We aim for data compilation to be done without custom development effort, and will look for a sufficient solution for this phase of the project, which will empower research team members to review and work with the data prior to export for publication. We have requested a no-code database interface from PUL (#princeton_ansible/6373); other alternatives are Google Sheets, Excel template, or AirTable.

Data¶

Data Design¶

Description of the data structures used by the software, with expected or required fields

Original/Reuse Sentence Corpus¶

A CSV file with each row corresponding to a single sentence in either an original or reuse text. This corpus may include additional data (e.g., document metadata for citation); this will be ignored by the system but preserved and passed through in the generated corpus.

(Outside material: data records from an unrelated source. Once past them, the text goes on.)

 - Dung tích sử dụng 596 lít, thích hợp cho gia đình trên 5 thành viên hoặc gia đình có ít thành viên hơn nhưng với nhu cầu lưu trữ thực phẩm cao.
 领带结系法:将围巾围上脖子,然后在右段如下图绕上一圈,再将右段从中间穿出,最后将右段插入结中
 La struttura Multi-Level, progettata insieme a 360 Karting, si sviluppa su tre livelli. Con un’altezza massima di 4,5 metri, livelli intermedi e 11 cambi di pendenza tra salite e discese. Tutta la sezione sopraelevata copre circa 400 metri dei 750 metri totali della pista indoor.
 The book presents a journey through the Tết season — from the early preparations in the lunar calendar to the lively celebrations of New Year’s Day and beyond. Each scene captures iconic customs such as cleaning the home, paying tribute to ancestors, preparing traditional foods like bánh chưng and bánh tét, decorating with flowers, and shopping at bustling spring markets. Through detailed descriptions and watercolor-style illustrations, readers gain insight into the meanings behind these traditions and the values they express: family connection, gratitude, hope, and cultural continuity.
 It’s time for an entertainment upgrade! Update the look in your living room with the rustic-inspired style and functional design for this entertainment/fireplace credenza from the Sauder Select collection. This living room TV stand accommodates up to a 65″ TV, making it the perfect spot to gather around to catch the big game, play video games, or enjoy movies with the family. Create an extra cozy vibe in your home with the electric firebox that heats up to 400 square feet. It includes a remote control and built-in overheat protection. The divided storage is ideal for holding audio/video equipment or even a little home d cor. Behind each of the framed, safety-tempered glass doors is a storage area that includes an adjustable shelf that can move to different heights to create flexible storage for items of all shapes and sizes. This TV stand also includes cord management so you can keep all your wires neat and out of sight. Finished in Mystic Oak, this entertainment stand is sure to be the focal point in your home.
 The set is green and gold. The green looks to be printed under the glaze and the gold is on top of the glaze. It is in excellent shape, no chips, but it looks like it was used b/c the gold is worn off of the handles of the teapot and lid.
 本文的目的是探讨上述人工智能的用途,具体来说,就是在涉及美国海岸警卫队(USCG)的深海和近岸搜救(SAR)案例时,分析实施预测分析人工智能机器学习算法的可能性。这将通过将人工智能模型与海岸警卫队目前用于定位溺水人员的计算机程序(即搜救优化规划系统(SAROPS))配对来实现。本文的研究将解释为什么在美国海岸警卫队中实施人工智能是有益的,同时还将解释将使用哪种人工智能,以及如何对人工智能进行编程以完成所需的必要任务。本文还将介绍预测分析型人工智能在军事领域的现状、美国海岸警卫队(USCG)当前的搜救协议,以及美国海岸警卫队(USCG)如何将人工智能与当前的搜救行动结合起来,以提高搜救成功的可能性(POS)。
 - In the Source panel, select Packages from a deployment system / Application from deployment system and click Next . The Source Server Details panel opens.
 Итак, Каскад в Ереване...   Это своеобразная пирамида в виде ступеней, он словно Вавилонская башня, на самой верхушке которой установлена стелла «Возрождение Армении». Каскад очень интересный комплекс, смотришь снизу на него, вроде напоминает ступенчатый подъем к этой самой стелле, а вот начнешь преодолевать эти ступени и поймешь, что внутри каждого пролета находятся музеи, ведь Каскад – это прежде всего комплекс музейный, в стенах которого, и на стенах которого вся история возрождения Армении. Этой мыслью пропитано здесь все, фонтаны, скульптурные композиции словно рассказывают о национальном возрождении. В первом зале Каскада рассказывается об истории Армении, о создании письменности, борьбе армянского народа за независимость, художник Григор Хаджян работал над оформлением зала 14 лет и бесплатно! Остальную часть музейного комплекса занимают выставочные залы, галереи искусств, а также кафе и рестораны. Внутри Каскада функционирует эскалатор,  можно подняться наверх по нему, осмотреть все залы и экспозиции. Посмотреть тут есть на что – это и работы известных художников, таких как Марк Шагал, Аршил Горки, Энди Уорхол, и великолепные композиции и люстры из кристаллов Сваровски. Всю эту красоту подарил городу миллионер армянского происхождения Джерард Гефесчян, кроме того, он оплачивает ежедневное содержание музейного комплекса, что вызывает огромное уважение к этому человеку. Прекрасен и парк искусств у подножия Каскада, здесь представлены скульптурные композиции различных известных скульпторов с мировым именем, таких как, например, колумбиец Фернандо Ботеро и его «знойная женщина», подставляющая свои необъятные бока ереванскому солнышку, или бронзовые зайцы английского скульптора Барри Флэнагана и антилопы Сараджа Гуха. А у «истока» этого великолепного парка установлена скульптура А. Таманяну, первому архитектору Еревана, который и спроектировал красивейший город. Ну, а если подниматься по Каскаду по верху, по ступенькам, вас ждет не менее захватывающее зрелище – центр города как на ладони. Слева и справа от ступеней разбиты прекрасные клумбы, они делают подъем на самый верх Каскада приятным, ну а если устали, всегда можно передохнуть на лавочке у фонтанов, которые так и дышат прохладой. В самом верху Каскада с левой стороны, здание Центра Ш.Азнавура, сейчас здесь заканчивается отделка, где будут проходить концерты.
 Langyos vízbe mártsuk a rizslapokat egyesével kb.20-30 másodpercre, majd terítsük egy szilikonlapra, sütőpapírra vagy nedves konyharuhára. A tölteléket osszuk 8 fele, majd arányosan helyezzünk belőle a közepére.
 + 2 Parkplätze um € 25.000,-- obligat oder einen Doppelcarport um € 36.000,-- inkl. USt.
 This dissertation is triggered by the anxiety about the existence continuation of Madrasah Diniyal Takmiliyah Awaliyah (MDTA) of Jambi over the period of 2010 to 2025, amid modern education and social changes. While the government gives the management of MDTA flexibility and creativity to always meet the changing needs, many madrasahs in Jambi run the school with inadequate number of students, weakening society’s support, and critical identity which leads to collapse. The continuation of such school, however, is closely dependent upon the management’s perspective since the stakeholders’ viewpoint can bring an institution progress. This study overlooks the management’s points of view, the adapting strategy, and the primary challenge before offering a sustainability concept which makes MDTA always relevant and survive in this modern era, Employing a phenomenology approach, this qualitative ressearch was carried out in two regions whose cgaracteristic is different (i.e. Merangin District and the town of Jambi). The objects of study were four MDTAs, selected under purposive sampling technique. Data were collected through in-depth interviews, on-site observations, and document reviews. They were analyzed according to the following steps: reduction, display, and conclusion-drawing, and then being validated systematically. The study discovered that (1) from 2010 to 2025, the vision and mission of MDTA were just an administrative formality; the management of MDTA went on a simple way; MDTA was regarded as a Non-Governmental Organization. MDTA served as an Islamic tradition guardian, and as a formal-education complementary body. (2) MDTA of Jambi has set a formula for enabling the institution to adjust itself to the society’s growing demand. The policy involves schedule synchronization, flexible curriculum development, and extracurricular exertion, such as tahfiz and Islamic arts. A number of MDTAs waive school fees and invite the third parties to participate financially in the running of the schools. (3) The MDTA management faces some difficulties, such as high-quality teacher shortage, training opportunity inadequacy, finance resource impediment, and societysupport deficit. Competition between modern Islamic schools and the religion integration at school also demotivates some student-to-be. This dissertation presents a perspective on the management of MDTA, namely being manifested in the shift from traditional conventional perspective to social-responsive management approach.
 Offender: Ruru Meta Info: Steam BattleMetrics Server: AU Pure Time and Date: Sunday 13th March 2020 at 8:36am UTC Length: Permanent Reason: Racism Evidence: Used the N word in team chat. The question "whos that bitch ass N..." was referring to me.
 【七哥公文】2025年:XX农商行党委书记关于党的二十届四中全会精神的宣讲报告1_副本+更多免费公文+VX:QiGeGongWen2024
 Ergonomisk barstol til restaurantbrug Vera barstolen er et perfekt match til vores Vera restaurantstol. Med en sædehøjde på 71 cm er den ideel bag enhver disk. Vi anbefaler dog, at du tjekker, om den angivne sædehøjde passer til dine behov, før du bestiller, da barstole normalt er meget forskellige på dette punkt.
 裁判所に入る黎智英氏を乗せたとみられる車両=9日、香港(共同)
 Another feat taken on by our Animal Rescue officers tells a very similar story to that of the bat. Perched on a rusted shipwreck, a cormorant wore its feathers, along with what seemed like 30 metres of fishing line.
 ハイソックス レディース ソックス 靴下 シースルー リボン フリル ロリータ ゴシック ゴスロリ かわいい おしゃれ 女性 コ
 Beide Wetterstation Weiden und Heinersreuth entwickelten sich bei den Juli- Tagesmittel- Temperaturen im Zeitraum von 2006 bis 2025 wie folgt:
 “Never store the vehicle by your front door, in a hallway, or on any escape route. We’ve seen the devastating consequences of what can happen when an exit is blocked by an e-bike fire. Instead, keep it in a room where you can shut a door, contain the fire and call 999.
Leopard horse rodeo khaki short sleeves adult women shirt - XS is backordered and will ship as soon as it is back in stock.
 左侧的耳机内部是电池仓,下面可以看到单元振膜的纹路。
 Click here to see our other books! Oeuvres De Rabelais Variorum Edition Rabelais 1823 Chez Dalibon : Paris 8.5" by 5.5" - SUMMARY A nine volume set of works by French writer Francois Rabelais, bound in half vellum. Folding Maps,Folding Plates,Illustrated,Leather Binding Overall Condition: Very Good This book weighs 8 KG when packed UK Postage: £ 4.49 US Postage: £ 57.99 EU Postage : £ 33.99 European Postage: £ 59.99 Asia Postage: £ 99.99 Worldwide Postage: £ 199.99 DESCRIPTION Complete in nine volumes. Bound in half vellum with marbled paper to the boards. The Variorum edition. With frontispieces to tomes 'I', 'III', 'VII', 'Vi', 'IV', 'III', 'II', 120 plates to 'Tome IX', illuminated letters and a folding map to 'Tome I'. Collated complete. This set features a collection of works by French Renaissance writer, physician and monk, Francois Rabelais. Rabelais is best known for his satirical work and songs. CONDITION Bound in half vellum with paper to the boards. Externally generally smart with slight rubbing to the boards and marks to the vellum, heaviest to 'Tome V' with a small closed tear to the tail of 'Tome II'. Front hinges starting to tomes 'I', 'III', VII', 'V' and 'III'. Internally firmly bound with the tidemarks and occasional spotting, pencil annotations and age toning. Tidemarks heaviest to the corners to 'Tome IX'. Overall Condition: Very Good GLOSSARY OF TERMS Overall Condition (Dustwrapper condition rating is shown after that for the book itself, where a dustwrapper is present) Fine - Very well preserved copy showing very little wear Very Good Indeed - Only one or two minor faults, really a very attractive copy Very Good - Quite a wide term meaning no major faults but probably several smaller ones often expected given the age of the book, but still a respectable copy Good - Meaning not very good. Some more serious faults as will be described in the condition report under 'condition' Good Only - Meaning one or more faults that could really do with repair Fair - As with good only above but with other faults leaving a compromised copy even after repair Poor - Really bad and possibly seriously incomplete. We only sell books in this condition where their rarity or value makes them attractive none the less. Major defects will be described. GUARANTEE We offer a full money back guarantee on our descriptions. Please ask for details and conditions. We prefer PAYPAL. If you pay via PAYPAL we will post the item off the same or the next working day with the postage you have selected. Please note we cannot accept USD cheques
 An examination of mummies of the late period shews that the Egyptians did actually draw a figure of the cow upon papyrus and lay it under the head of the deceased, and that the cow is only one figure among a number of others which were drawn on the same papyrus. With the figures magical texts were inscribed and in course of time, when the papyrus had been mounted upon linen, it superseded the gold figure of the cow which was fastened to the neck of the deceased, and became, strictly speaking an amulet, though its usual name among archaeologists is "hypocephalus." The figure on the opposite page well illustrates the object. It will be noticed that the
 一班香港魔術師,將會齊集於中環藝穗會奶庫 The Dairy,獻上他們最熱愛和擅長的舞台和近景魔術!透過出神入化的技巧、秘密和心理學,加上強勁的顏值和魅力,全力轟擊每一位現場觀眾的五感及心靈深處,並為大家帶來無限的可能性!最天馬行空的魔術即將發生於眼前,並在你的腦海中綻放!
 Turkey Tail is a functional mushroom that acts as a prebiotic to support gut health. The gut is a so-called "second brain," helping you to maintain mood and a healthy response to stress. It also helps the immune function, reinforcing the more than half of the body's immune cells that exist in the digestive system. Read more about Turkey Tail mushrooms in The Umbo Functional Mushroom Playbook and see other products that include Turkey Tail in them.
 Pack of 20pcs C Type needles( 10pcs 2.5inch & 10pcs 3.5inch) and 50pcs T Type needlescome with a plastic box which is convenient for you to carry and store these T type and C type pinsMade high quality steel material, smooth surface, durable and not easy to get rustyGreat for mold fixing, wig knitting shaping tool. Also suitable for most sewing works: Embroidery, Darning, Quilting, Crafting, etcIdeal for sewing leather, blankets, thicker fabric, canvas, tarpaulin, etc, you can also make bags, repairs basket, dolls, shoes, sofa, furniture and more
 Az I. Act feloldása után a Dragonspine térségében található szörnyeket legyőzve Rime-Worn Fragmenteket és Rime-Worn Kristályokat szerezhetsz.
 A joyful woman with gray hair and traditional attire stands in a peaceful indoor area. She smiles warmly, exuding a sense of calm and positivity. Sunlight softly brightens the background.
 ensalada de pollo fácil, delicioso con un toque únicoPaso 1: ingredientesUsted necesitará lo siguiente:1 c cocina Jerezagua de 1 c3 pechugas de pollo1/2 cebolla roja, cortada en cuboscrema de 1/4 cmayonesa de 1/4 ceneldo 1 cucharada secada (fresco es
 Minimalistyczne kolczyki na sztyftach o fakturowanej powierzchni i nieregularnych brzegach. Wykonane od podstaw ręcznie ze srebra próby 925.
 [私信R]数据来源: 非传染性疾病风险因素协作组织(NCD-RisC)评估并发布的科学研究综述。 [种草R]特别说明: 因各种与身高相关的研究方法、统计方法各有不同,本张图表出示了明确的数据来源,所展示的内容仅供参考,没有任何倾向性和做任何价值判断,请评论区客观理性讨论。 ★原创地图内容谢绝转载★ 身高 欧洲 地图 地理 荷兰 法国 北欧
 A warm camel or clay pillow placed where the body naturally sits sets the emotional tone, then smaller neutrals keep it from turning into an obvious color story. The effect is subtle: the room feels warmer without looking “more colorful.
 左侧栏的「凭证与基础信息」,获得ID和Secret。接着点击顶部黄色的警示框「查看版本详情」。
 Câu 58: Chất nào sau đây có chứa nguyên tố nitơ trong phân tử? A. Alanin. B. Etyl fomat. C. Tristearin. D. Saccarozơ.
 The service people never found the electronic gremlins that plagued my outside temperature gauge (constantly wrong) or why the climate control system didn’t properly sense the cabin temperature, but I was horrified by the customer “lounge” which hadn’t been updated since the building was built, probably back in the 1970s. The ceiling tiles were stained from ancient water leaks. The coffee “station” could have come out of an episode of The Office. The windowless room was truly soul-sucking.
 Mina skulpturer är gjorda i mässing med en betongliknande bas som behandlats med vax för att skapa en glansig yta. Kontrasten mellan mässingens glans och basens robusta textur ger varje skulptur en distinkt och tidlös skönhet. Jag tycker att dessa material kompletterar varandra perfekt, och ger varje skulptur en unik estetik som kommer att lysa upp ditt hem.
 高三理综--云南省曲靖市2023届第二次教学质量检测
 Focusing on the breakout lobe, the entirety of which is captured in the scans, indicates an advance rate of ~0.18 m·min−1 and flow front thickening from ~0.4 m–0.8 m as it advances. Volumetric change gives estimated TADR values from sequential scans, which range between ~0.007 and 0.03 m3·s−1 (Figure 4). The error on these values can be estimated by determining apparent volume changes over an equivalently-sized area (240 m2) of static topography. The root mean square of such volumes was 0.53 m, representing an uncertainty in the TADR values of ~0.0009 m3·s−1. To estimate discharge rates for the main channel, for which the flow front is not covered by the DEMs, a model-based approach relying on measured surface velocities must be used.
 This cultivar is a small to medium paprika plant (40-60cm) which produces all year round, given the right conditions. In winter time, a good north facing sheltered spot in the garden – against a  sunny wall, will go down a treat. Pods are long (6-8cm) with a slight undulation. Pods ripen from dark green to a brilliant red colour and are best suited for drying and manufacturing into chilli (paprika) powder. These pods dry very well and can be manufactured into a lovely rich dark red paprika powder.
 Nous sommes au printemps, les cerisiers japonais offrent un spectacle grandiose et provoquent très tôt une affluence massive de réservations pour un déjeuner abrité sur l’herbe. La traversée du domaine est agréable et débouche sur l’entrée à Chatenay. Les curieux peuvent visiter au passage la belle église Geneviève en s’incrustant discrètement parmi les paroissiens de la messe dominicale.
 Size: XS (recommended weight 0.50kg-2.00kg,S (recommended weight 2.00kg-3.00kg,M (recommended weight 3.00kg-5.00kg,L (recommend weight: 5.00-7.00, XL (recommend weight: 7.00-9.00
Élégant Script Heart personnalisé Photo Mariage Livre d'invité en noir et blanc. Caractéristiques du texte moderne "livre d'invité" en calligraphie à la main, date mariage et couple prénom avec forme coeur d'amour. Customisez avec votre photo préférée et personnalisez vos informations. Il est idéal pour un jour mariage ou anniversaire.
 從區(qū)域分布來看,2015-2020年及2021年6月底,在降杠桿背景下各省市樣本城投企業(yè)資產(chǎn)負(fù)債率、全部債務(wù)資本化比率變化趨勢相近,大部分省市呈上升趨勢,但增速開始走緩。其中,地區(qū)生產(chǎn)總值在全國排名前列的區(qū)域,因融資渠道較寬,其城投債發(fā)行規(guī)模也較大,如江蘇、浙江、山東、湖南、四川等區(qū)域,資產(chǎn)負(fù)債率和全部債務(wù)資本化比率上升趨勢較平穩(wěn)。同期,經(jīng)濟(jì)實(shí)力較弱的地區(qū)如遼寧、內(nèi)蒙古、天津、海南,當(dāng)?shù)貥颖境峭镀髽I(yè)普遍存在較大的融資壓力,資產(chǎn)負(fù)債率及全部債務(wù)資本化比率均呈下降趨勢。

Field Name	Description	Type	Required / Optional	Reason
id	Unique identifier for each sentence	String	Required	For tracking, reference
text	Sentence text content	String	Required	For quote detection
file	Corresponding document filename	String	Required	For tracking, reference, metadata linking
sent_index	Sentence-level index within document (0-based indexing)	Integer	Required	For identifying sequential sentences for quote compilation
section_type	What text section the sentence comes from (text vs. footnote)	enum	Optional	For reference and debugging
multi_page	Indicates whether the sentence spans multiple pages.	Boolean	Required	For reference and debugging

The sentence corpora produced by the Sentence Corpus Builder program must include one or more fields that link the sentence back to its location within the corresponding input document. This will vary by the input format (e.g., MEGAdigital: page and line number; plaintext: starting character index).

Quote Sentence Pairs¶

A CSV file with each row corresponding to an original-reuse sentence pair that has been identified as a quote.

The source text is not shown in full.